Virtual IP: 12.12.12.60
Load Balancer: 12.12.12.61 aka VM1.
Cluster Nodes/Real Servers:
Web Server1: 12.12.12.62 aka VM2
Web Server2: 12.12.12.63 aka VM3.

And we’ll be using LVS-DR (direct routing) approach for clustering; its most widely used and has lesser downsides.
Lets start by configuring the web servers first.

Cluster Nodes  Configurations

1. On both web servers VM2 and VM3, apache should be running having a common serving file (for purpose of get checked by ldirectord).

# yum install httpd -y
# echo foo > /var/www/html/test.html
# service httpd start
# chkconfig httpd on

And to distinguish both of the web servers during test loading, create at least a one unique file on each of web servers.

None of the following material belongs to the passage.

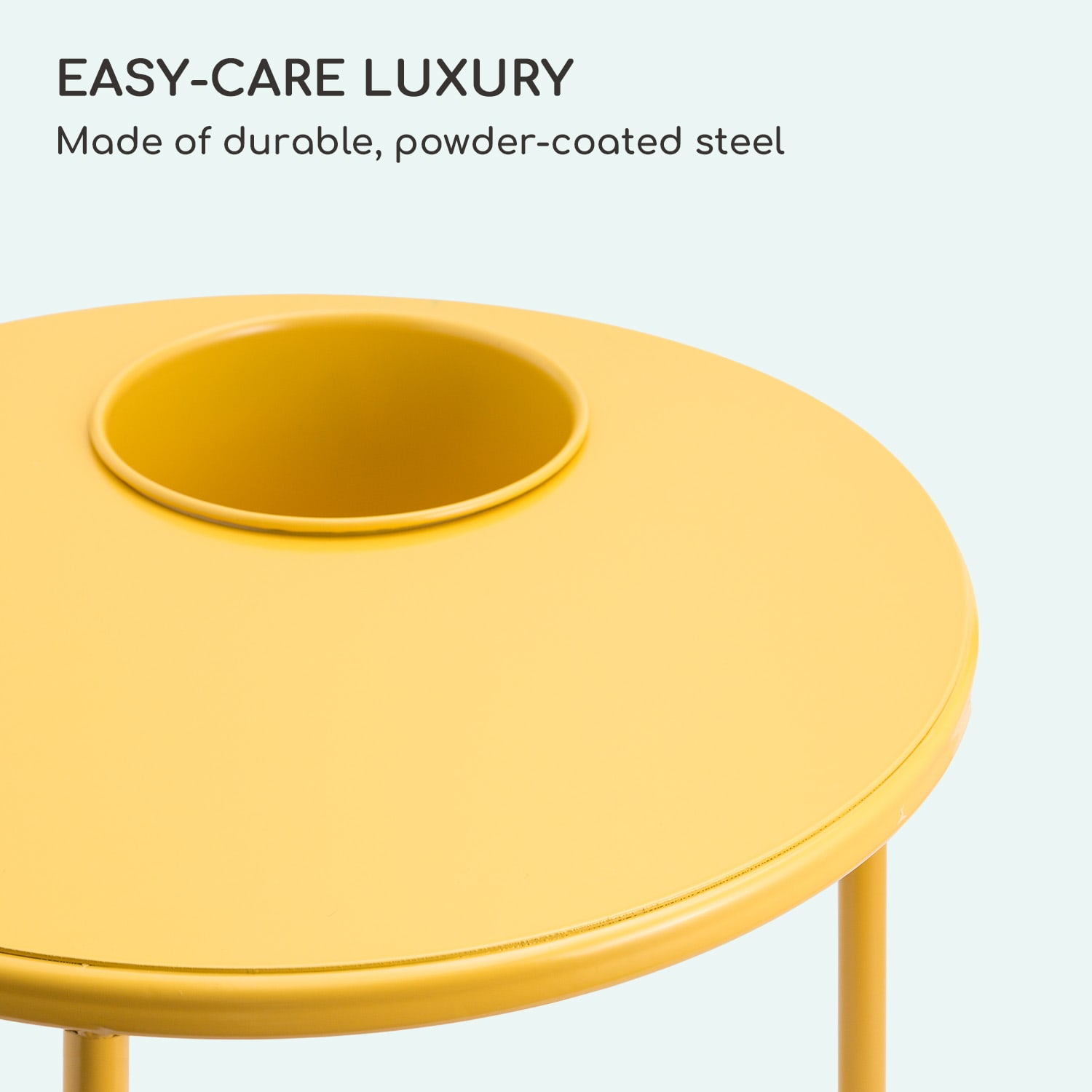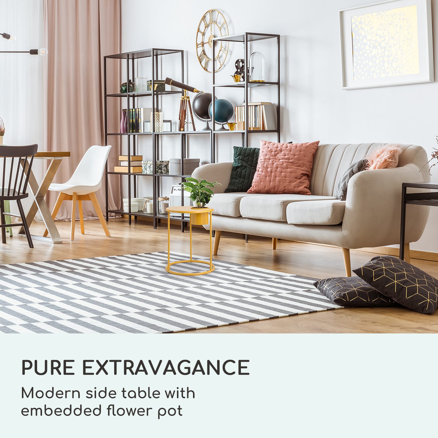 Klasicky moderný: Blumfeldt Irvine príručný stolík kombinuje robustný materiál s minimalistickým dizajnom. Určite bude zaujímavým doplnkom v každej miestnosti, keďže má zabudovaný kvetináč. Jednoducho doň zasaďte svoje obľúbené rastliny a váš nový stolíkožije kvetinovou výzdobou. Okrem možnosti zasadenia rastliny, má stolík aj priestorovo úsporné línie: okrúhla stolová doska je umiestnená na troch jemných tyčiach, ktoré prechádzajú do rovnako okrúhlej základne. Vďaka kvalitnému spracovaniu a robustnému materiálu vám poskytuje stolík maximálnu stabilitu Prášková povrchová úprava ocele tiež zaisťuje, že sa mimoriadne ľahko čistí a je odolný. Ako malý všestranný doplnok vytvorí osobitý akcent v celej vašej domácnosti a zároveň vám ponúkne praktickú odkladaciu plochu: ako telefónny stolík , nočný stolík , stolík do šatne alebo dokonca ako malý konferenčný stolík na terase či balkóne.Extravagancia do každej miestnosti: Moderný Blumfeldt Irvine príručný stolík prekvapí vstavaným kvetináčom v doske stola.

[root@VM2 ~]# echo "This is VM2" > /var/www/html/index.html
[root@VM3 ~]# echo "This is VM3" > /var/www/html/index.html

2. Virtual IP needs to be terminated on both web servers so we’ll create a second network interface on each of it. Because eventually all three NICs on all three servers would have to have the same VIP so this would cause a problem with ARP as it resolves MACs against IPs. There are different solutions to this problem. Some may refer to use iptables or arptables_jf. Many would recommend changing default gateway route or hiding the network interface (by the way don’t use iptables or change default gateway for this; Red Hat discourages both of these methods as they cause a lot of overhead). But the most flexible approach I’ve found is:

a. create a loopback interface so it doesn’t communicate with your network gateway/router directly.
b. instruct Linux kernel to announce ARP requests with preference to be taken from local address when matching for communication instead preference from the destination address.
c. instruct Linux kernel to send ARP responses only to the requests originating from same sender address to same local addresses’ subnet. Details here, if you’re really curious about it.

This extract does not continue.